The purpose of this notebook is to highlight the effect of parameter choices of the process. The example is taken from here.
%matplotlib inline
import numpy as np, matplotlib.pyplot as plt, seaborn as sns
import gp_basics
# https://stackoverflow.com/questions/37149933/how-to-set-max-output-width-in-numpy
np.set_printoptions(edgeitems=10)
np.core.arrayprint._line_width = 180
sns.set(color_codes=True)
We always make use of the same data-points:
x = np.array([-2, -1, 0, 3.5, 4]);
y = np.array([4.1, 0.9, 2, 12.3, 15.8])
xpts = np.linspace(-5, 16, 400)
Let's do a first fit with "standard" parameters, e.g. with a length scale of ℓ=1.0, an amplitude of the covariance function of σ2=1.0 and a noise term of σn=0.0 (for the meaning of σn please have a look at equation 2.25 in chapter 2 of "Gaussian Processes for Machine Learning")
I take the implementations of the gaussian process and the coveriance functions from gp_basics.py
.
k = gp_basics.GPCovarianceFunctionSquaredExponential(l=1.0, sigma=1.0)
y_pred, sigmas = gp_basics.predict(xpts, x, y, cov=k)
fig=plt.figure(figsize=(15, 8), dpi= 80, facecolor='w', edgecolor='k')
ax = plt.subplot(1, 1, 1)
ax.scatter(x, y, c="black")
ax.plot(xpts, y_pred[0], c="b")
ax.plot(xpts, y_pred[0] - np.sqrt(np.abs(sigmas[0])) * 3, "r:")
ax.plot(xpts, y_pred[0] + np.sqrt(np.abs(sigmas[0])) * 3, "r:")
# ax.errorbar(xpts, y_pred[0], yerr=sigmas[0], capsize=0)
[<matplotlib.lines.Line2D at 0x7f439b0760b8>]
As you can see the fitted curve in blue hits our given data points exactly and the variance goes to zero at these points.

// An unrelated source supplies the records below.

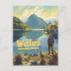A captivating and nostalgic depiction of hiking in Wales, renowned for its rugged landscapes and scenic beauty. The design captures the dramatic mountains of Snowdonia, lush green valleys, and scenic coastal paths. Rendered in a vintage style, the artwork evokes the adventurous spirit and serene beauty of hiking in Wales, inviting viewers to experience its natural splendor and outdoor charm.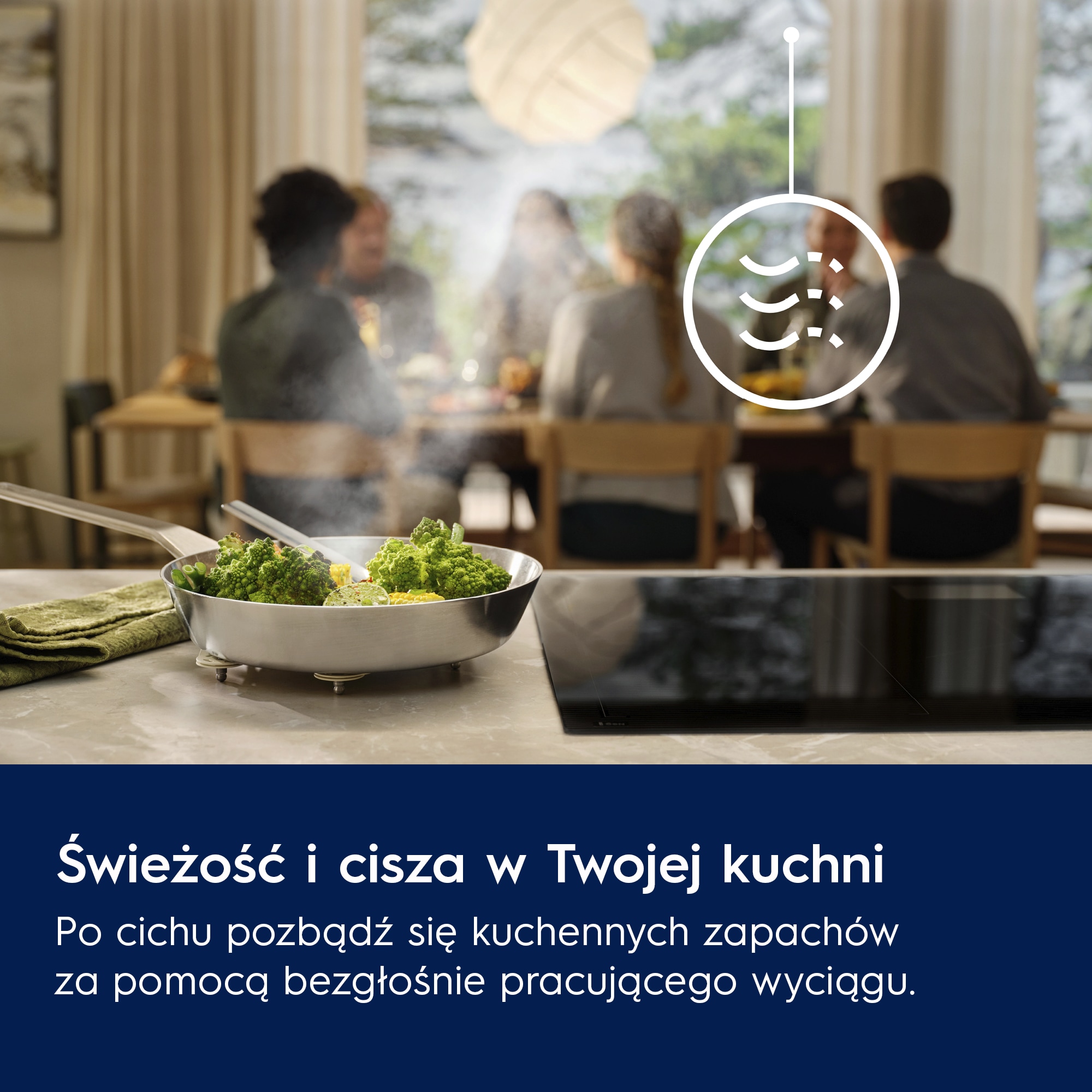 Ciesz się gotowaniem z rodziną i przyjaciółmi w kuchni wypełnionej świeżym powietrzem. Dzięki obniżonemu poziomowi hałasu i klasie energetycznej A lub wyższej nasze okapy skuteczniej oczyszczają powietrze, tworząc przyjazną atmosferę.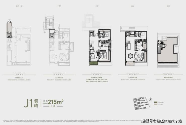 建面约215㎡上叠:屋面+庭院+地下室+露台+阳台的整体附赠空间约110㎡;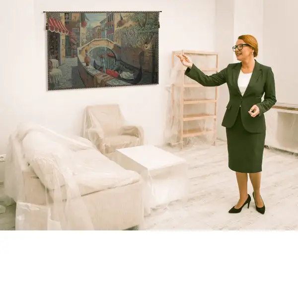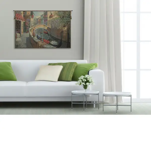 Romantic Venice has long been a source of inspiration for lovers and artists alike. We are no different; our Venezia Romantica Tapestry takes the pure sensory pleasure of dining along the Venetian canals to heart. The scene is one you will find throughout the most beloved Italian city. You can take a little piece of this sensation home with you to enjoy each day wherever, please. Hang this romantic tapestry in the breakfast room or the bedroom. It comes woven from Italy in cotton and viscose for a luxurious feel and sheen. Backed with lining and tunnel for easy hanging.
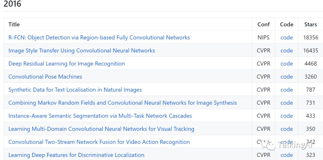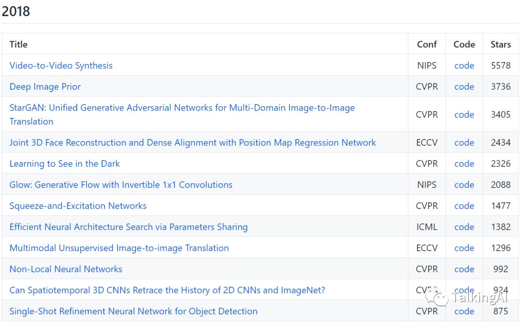 初略估计,目前整理论文数量(均有开源代码)为1535篇(这个数字好庞大,真的都要看吗😔),最高论文的stars高达46593. 不过有点欣慰的是,看到2017和2018的论文list还是很欣慰的,因为都还比较熟悉,比如Deep Image Prior,Non-Local Neural Networks,Single-Shot Refinement Neural Network for Object Detection,Focal Loss for Dense Object Detection, 最经典的Mask R-CNN,Densely Connected Convolutional Networks 等等~ 这些建议如果没有看过的同学们,一定要看哈~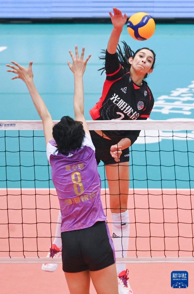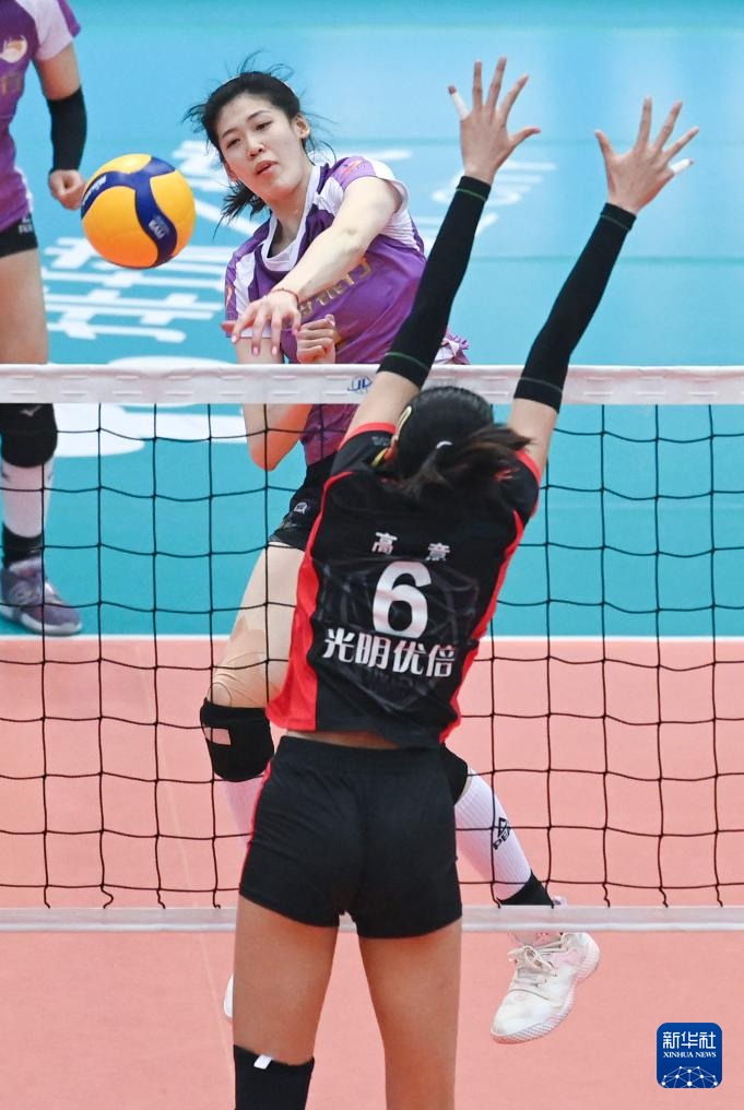 1月30日,上海光明优倍队球员高意(左)在比赛中扣球。新华社记者 赵子硕 摄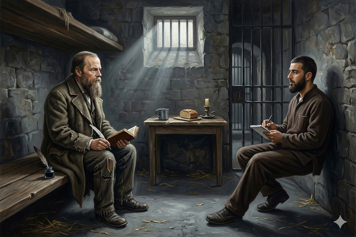 أمَّا عِند دوستويفسكي، فإنَّ السِّجْنَ يتحوَّل إلى مُخْتَبَر نَفْسي وفلسفي. العُقوبةُ الجسدية تُصبح وسيلةً للكشفِ عن أعماقِ النَّفْسِ البشرية، والصِّراعِ بين الخَيْرِ والشَّر، والصِّدامِ بَين الإيمانِ واليأس، والمُواجَهةِ بين الرَّغبةِ في الحياةِ والخَوْفِ مِن المَوْتِ الرمزي. التِّجْرِبةُ السِّجْنيةُ عِنده لَيست حادثةً حياتيةً فَحَسْب، بَلْ أيضًا تَجْرِبة وجودية عميقة تهزُّ القِيَمَ والمُعْتَقَدَات، وتضعُ الإنسانَ أمامَ ذَاتِه الصافية، بلا أيِّ سِتارٍ أوْ مُوَارَبَة.

Far away of our given data points the fitted curve goes back to the mean function, which is 0 in our case.
Let's have a look what happens if we modify the noise term σn:
def create_case(l=1.0, sigma_n=0):
k = gp_basics.GPCovarianceFunctionSquaredExponential(l=l, sigma=1.0)
y_pred, sigmas = gp_basics.predict(xpts, x, y, cov=k, sigma_n=sigma_n)
plt.scatter(x, y, c="black")
plt.plot(xpts, y_pred[0], c="b")
plt.plot(xpts, y_pred[0] - np.sqrt(np.abs(sigmas[0])) * 3, "r:")
plt.plot(xpts, y_pred[0] + np.sqrt(np.abs(sigmas[0])) * 3, "r:")
plt.figure(figsize=(16, 16))
for i, r in enumerate([0.0001, 0.03, 0.09, 0.8, 1.5, 5.0]):
plt.subplot("32{}".format(i+1))
plt.title("kernel={}, $\ell^2$={}, $\sigma_n^2$={}".format("bell shape", 1, r))
create_case(sigma_n=np.sqrt(r))
The noise term tells how much you can trust the given points to be exact points of the curve to recover. In cases where you have some "measurement error" or similar you do not expect the points to exactly be located on the line, but with some probability scattered around it. The parameter σn tells the gaussian process the level of noise to expect. Therefore, as we grow σn, more and more of the points are explained as "being noise" rather than a signal of where exactly the regression curve is located.
plt.figure(figsize=(16, 16))
for i, d in enumerate([0.05, 0.5, 1, 3.2, 5.0, 7.0]):
plt.subplot("32{}".format(i+1))
plt.title("kernel={}, $\ell^2$={}, $\sigma_n^2$={}".format("bell shape", d, 0))
create_case(l=np.sqrt(d))
As you can see, as we grow the length scale the recovered regression curve becomes less "wiggly". In addition, the distance away from our concrete given points until when the curve returns to the mean function (in our case the 0 line) increases.